ACTIVITY
With the images excluded, set down every line of the listing below exactly.

SUPPLIED DATA
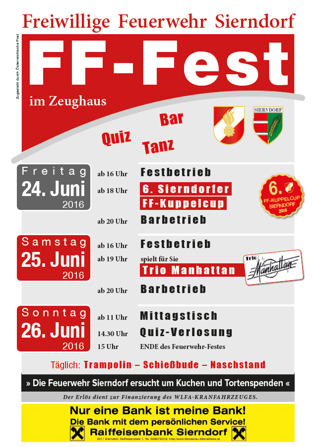 Die Freiwillige Feuerwehr Sierndorf feierte im Jahr 2013 mit der Durchführung der Abschnittsfeuerwehrleistungsbewerbe am 22. Juni und des Abschnittsfeuerwehrtages des Abschnittes Stockerau am 23. Juni ihr 120-jähriges Bestandsjubiläum.
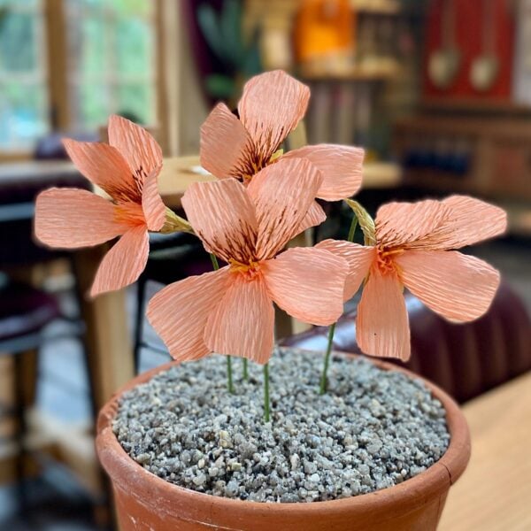 These delicate handcrafted flowers bring beauty to any space and whilst they require minimal upkeep, a bit of thoughtful care will keep them looking fresh and vibrant. Every flower is unique and varies slightly in size. Ask us for a care tip sheet.
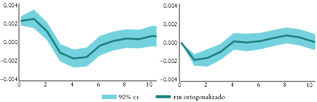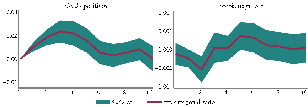 Gráfica 9 FIR de la brecha del producto ante shocks positivos y negativos (en ese orden)

REPLY TO THE EXERCISE
 Die Freiwillige Feuerwehr Sierndorf feierte im Jahr 2013 mit der Durchführung der Abschnittsfeuerwehrleistungsbewerbe am 22. Juni und des Abschnittsfeuerwehrtages des Abschnittes Stockerau am 23. Juni ihr 120-jähriges Bestandsjubiläum.
 These delicate handcrafted flowers bring beauty to any space and whilst they require minimal upkeep, a bit of thoughtful care will keep them looking fresh and vibrant. Every flower is unique and varies slightly in size. Ask us for a care tip sheet.
 Gráfica 9 FIR de la brecha del producto ante shocks positivos y negativos (en ese orden)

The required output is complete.